Manhattan Apartments Still "A Good Buy" for Bond Villains
New York City real estate is too expensive for anyone. Manhattan is the most expensive portion of that. Logic tells us that no one, then, can afford Manhattan apartments. So who buys all these places then? International bazillionaires, of course.
Your problem, my friend, is that you are thinking like a normal person. A normal persons says, "Hm, don't think I can afford to buy Steven Cohen's $98 million apartment, which, by the way, he only paid $13 million for in 2005, and, by the way, he is probably one of America's greatest financial criminals, so how is that even fair?" See, that sort of defeatist normal person attitude is why you will probably never own an apartment that looks like a hotel conference room and costs about the same as a mid-sized regional manufacturing company.
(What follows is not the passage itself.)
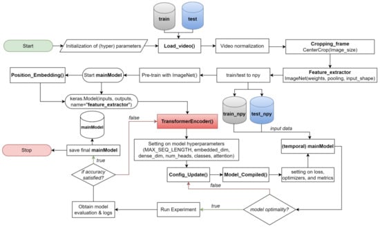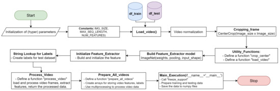 This approach optimizes both processing time and the utilization of parallel processing capabilities. Furthermore, we construct a feature extractor model based on the architectural insights from the ImageNet models (DenseNet121, ResNet50, VGG16, and VGG19), complemented by creating a label vocabulary for the test dataset. In our video processing pipeline, we employ specialized functions for frame processing and feature extraction, utilizing multiprocessing techniques. During frame processing, each frame undergoes specific operations, including a random rotation of up to 70 degrees and a random shift of 224 × 224 pixels. Simultaneously, feature extraction is conducted in parallel on multiple frames, harnessing multiprocessing to improve efficiency. This methodology is crafted to optimize computational resources and minimize processing time. Lastly, the main execution section, triggered by the ‘if __name__ == ‘__main__’,’ condition, encompasses data preparation for both training and testing, with dimensions clearly defined and the processed data saved as NumPy files.

Instead, you need to look on the bright side, like this Manhattan realtor quoted by Bloomberg today:
"There's definitely an argument to be made that some apartments are asking prices that make absolutely no sense whatsoever," said Leonard Steinberg, a luxury broker with Douglas Elliman Real Estate in New York. "Everybody wants $100 million for their apartment these days. The good news is that $100 million is, what — 60 million pounds? Only 73 million Euros? So on world standards, it's still a pretty good buy."